== INFORMATION SHOWN

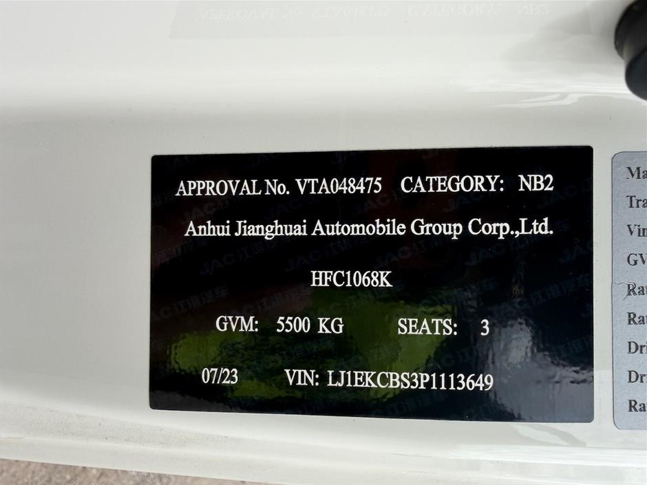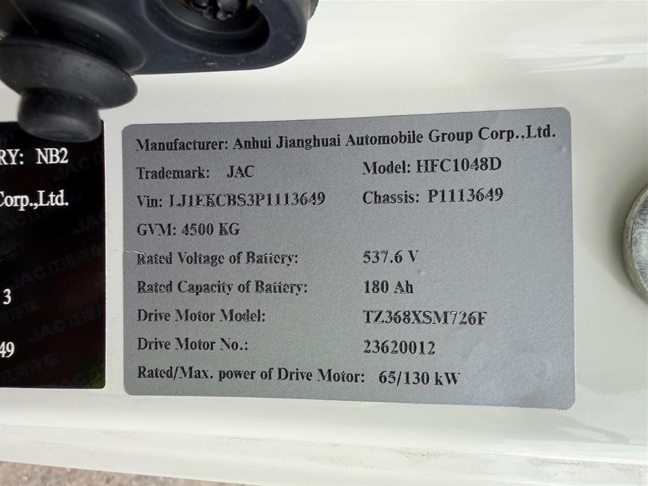 Part of Sale 2023 JAC HFC1048D 4 x 2 Cab Chassis Electric Truck
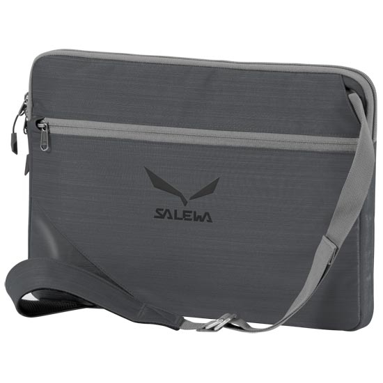 Bolsa acolchoada Salewa para laptop. Tem uma alça de ombro removível e área de fixação. Ele cabe em um laptop de 15 polegadas e é feito de tecido credenciado pela Bluesign®.
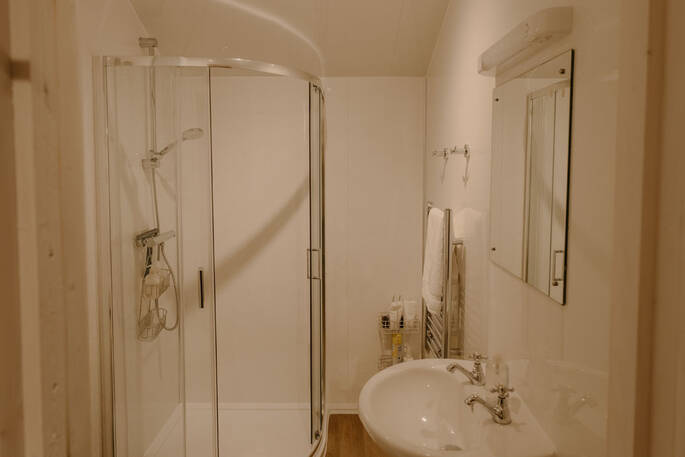 - The doorway into the bathroom is approx. 70cm wide and the step up into the shower is approx. 5cm high
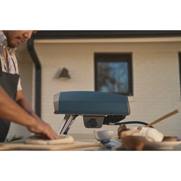 Der Ooni Koda 2 in der Farbe Slate Blue (schieferblau) ist ein tragbarer gasbetriebener Pizzaofen / -grill für den Außenbereich mit einer Backfläche von 36cm. Die Ooni G2 Gas Technology erzeugt eine einzigartige konische Flamme, ideal für eine konstante Temperatur des Pizzasteins. Mit den präzisen Reglern lässt sich die Temperatur von nur 190°C bis hin zu 500°C ganz nach Wunsch einstellen, niedrige Hitze für eine saftige Grandma-Style-Pizza in der Pfanne oder volle Temperatur für authentische neapolitanische Pizza in nur 60 Sekunden, feurig gegrillte Chicken Wings oder perfekt gebratene Steaks. Der Ooni Koda 2 ist in Sekundenschnelle einsatzbereit. Man braucht nur die scharnierten Beine ausklappen, den Pizzastein einsetzen und den Koda 2 an die Gasflasche anschließen. Das Design des Ooni Koda 2 wurde für optimale Geschwindigkeit, Komfort und Benutzerfreundlichkeit entwickelt. Die integrierte 5cm große Edelstahl-Ablage ermöglicht es, die Pizza oder Pfannen kurz abzusetzen, zu inspizieren und zu drehen. Mit dem Koda 2 muss man sich nicht zwischen portabel und leistungsstark entscheiden, man kann ihn sowohl im Garten als auch unterwegs nutzen. Das isolierte Stahlgehäuse und der starke Pizzastein sorgen für eine optimale Wärmedämmung, so dass man innerhalb von 20 Minuten mit der Zubereitung loslegen kann. So kann man Pizza nach neapolitanischer Art backen, aber auch frisches Brot, gebratenen Fisch, Gemüse oder Steaks. Der Koda 2 ist mit dem Bluetooth-fähigen Ooni Connect Digital Temperatur-Hub kompatibel (separat erhältlich), mit dem sich die Temperaturen im Inneren des Koda 2 überwachen lässt.Art.-Nr.: 100150361

====

* _TASK PROMPT_
No picture belongs in the copy; return the rest of the listing exactly.

* _RESPONSE AREA_
 Part of Sale 2023 JAC HFC1048D 4 x 2 Cab Chassis Electric Truck
 Bolsa acolchoada Salewa para laptop. Tem uma alça de ombro removível e área de fixação. Ele cabe em um laptop de 15 polegadas e é feito de tecido credenciado pela Bluesign®.
 - The doorway into the bathroom is approx. 70cm wide and the step up into the shower is approx. 5cm high
 Der Ooni Koda 2 in der Farbe Slate Blue (schieferblau) ist ein tragbarer gasbetriebener Pizzaofen / -grill für den Außenbereich mit einer Backfläche von 36cm. Die Ooni G2 Gas Technology erzeugt eine einzigartige konische Flamme, ideal für eine konstante Temperatur des Pizzasteins. Mit den präzisen Reglern lässt sich die Temperatur von nur 190°C bis hin zu 500°C ganz nach Wunsch einstellen, niedrige Hitze für eine saftige Grandma-Style-Pizza in der Pfanne oder volle Temperatur für authentische neapolitanische Pizza in nur 60 Sekunden, feurig gegrillte Chicken Wings oder perfekt gebratene Steaks. Der Ooni Koda 2 ist in Sekundenschnelle einsatzbereit. Man braucht nur die scharnierten Beine ausklappen, den Pizzastein einsetzen und den Koda 2 an die Gasflasche anschließen. Das Design des Ooni Koda 2 wurde für optimale Geschwindigkeit, Komfort und Benutzerfreundlichkeit entwickelt. Die integrierte 5cm große Edelstahl-Ablage ermöglicht es, die Pizza oder Pfannen kurz abzusetzen, zu inspizieren und zu drehen. Mit dem Koda 2 muss man sich nicht zwischen portabel und leistungsstark entscheiden, man kann ihn sowohl im Garten als auch unterwegs nutzen. Das isolierte Stahlgehäuse und der starke Pizzastein sorgen für eine optimale Wärmedämmung, so dass man innerhalb von 20 Minuten mit der Zubereitung loslegen kann. So kann man Pizza nach neapolitanischer Art backen, aber auch frisches Brot, gebratenen Fisch, Gemüse oder Steaks. Der Koda 2 ist mit dem Bluetooth-fähigen Ooni Connect Digital Temperatur-Hub kompatibel (separat erhältlich), mit dem sich die Temperaturen im Inneren des Koda 2 überwachen lässt.Art.-Nr.: 100150361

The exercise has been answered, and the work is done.